> Work instruction: Copying starts at the line containing "Escoge la transacción que quieres devolver." and stops after the last line of the records; each line is repeated exactly, and pictures are skipped.

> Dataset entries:
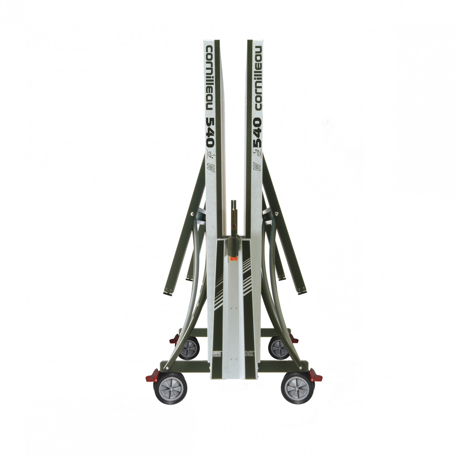 Die Cornilleau Tischtennisplatte ist mit dem innovativen DSI-Verrieglungsmechanismus und der COMPACT TECHNOLOGY ausgestattet. Mit nur einem Griff lassen sich die Plattenhälften hochklappen und die gesamte Platte kann auf dem integrierten Rollwagen ganz bequem zur Seite geräumt werden. Durch das Verstellen der Füße können Sie einen sicheren Stand auch auf unebenen Untergrund garantieren.
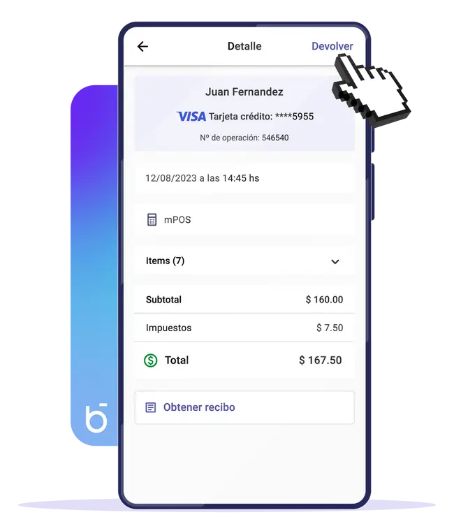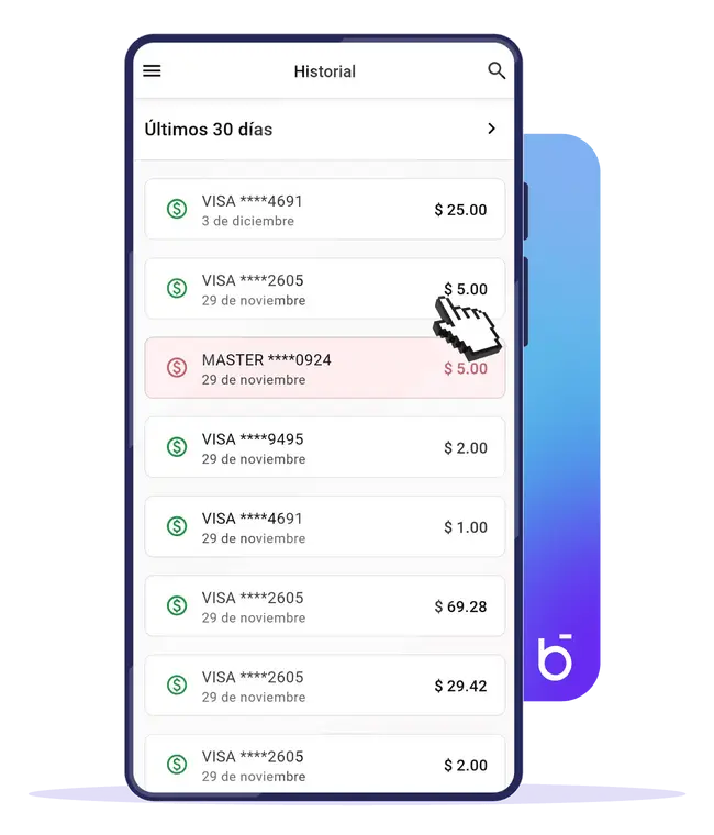 Escoge la transacción que quieres devolver.
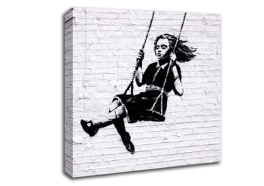 Girl On Swing Square Canvas Print handmade in the UK. Stretched over a 2 inch thick wooden box frame, ready to hang on your wall.
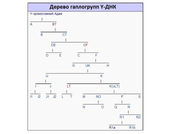 Разумеется, изучение наследования только по женской линии было бы неполным. Был открыт участок Y-хромосомы, передающейся по мужской линии. Остальное, в общем, аналогично истории с мтДНК, повторяться смысла нет. На рисунке показано дерево Y-групп. Так для России характерны представители гаплогрупп R1a1, N1c1, а у ирландцев больше представителей R1b1. Подробные карты желающие также могут найти в Интернете.
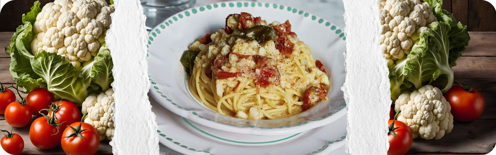 Escurre la coliflor y continúa la cocción en la cacerola con la cebolla. Añade un poco de pimienta, saltéala brevemente y luego incorpora un cucharón de agua hirviendo sin sal. Aplasta la coliflor con un tenedor de madera. Toma los tomates secos rehidratados, córtalos groseramente y agrégalos a la cacerola.

> Solution for this problem:
 Escoge la transacción que quieres devolver.
 Girl On Swing Square Canvas Print handmade in the UK. Stretched over a 2 inch thick wooden box frame, ready to hang on your wall.
 Разумеется, изучение наследования только по женской линии было бы неполным. Был открыт участок Y-хромосомы, передающейся по мужской линии. Остальное, в общем, аналогично истории с мтДНК, повторяться смысла нет. На рисунке показано дерево Y-групп. Так для России характерны представители гаплогрупп R1a1, N1c1, а у ирландцев больше представителей R1b1. Подробные карты желающие также могут найти в Интернете.
 Escurre la coliflor y continúa la cocción en la cacerola con la cebolla. Añade un poco de pimienta, saltéala brevemente y luego incorpora un cucharón de agua hirviendo sin sal. Aplasta la coliflor con un tenedor de madera. Toma los tomates secos rehidratados, córtalos groseramente y agrégalos a la cacerola.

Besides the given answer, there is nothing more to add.